Nuestro principal problema no es la corrupción. Es la mentira que le sirve de caldo de cultivo. Aquí casi todos mienten. Aquí existe, como decía Diego Montaña Cuéllar (q.e.p.d.), un país formal y un país real. Aquí la Constitución y las leyes van por un lado y la realidad por otro.
Miremos no más el panorama actual:
Hay un presidente, cuya primera campaña fue financiada en parte con 400.000 dólares que dio en afiches una empresa extranjera, lo cual está prohibido por la ley, y dice que de eso no tenía ni idea.
Hay un expresidente que acusa al presidente de corrupción en la financiación de su campaña, no obstante que cuando la empresa extranjera lo financió, él apoyaba a ese candidato; y luego, en la campaña siguiente, lanzaba como candidato opositor a su ex ministro de Hacienda, cuyo estratega brasileño también fue pagado por la misma empresa. Y tanto el expresidente como su candidato dicen igualmente que de eso nada sabían, no obstante que el gerente de esa campaña era el hijo del candidato opositor.
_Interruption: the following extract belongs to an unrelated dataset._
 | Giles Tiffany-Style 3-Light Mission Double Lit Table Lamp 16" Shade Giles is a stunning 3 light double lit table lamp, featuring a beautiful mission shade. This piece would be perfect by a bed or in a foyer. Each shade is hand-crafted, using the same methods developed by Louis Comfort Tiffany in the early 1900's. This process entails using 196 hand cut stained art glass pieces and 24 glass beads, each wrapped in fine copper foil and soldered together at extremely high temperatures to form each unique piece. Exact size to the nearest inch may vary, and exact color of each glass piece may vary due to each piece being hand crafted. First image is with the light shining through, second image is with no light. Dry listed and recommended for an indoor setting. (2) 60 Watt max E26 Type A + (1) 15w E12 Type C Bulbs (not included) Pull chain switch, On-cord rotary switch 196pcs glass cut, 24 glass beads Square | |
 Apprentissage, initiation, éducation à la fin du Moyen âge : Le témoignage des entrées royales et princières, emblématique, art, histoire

Hay un ex procurador general que convoca a una marcha “contra la corrupción que amenaza a todos los colombianos”, y remata la cuña diciendo: “Cada vez somos más los colombianos de bien”, no obstante que él tuvo que salir de su cargo por corrupción, ante un fallo del Consejo de Estado que estableció que habría nombrado a familiares de los consejeros que lo nominaron y de los parlamentarios que lo eligieron. Y no obstante, además, como lo denunció el periodista Daniel Coronell, que “dejó prescribir la investigación por los sobornos a funcionarios en la licitación de la Ruta del Sol y la autopista Bogotá-Girardot,” porque “le ordenó expresamente a la funcionaria a cargo de la investigación que se concentrara en otros procesos” y, con el mayor descaro, publicó un video en el que dijo “que las investigaciones no prosperaron porque la Procuraduría no tuvo suficientes pruebas”.
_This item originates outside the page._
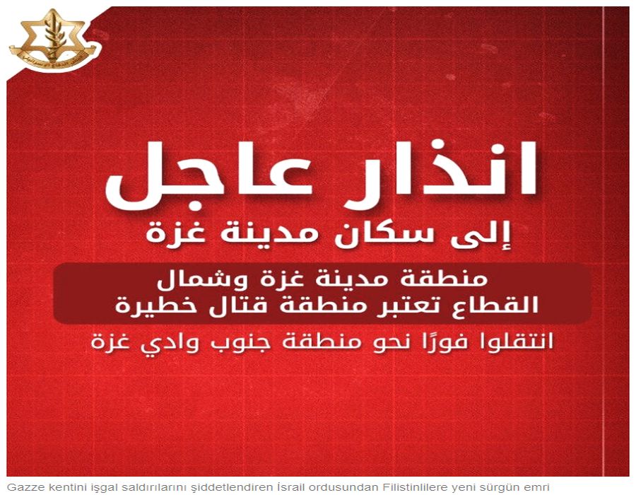 İsrail ordusu, Gazze kentini işgal için gece boyu düzenlediği şiddetli saldırılarının ardından Gazze kentindeki Filistinlilere yeni sürgün emri yayımladı.

Hay un expresidente —el mismo— que también invita a la marcha y enarbola la bandera anticorrupción, a pesar de que en su gobierno hubo múltiples escándalos, como el de los sobornos de Odebrecht para lograr multimillonarios contratos, Saludcoop, Agro Ingreso Seguro, la Dirección Nacional de Estupefacientes, el involucramiento de su jefe de seguridad en negocios de narcotráfico y, como si fuera poco, la compra de su reelección con base en que ministros suyos habrían sobornado a dos parlamentarios para lograr la mayoría necesaria con el fin de que se cambiara el artículo de la Constitución que la prohibía. Por supuesto, este expresidente dice que nombró a sus funcionarios convencido de que eran santas palomas y que, de toda la podredumbre de su gobierno, nada sabía, como también hay otro expresidente que dice que la financiación de su campaña por el narcotráfico ocurrió a sus espaldas.
¡Aquí nadie sabe nada! Pero hay una cosa que sí saben todos: que fueron elegidos con el apoyo de corruptos. Y que con tal de que les consiguieran votos, se hacían los locos ante sus prácticas, y poco les importaba rodearse de bandidos.
De modo que si se quiere que el país cambie, el Consejo Nacional Electoral tendría que dictar las sanciones que corresponden por la financiación de campañas por parte de una empresa extranjera. Y ello implicaría que les quitara la personería jurídica a los partidos que apoyaron a uno y a otro candidato, o sea, al Centro Democrático, al Partido Conservador, al Partido de la U, al Liberal y a Cambio Radical.
Así empezaría a lucharse contra la corrupción.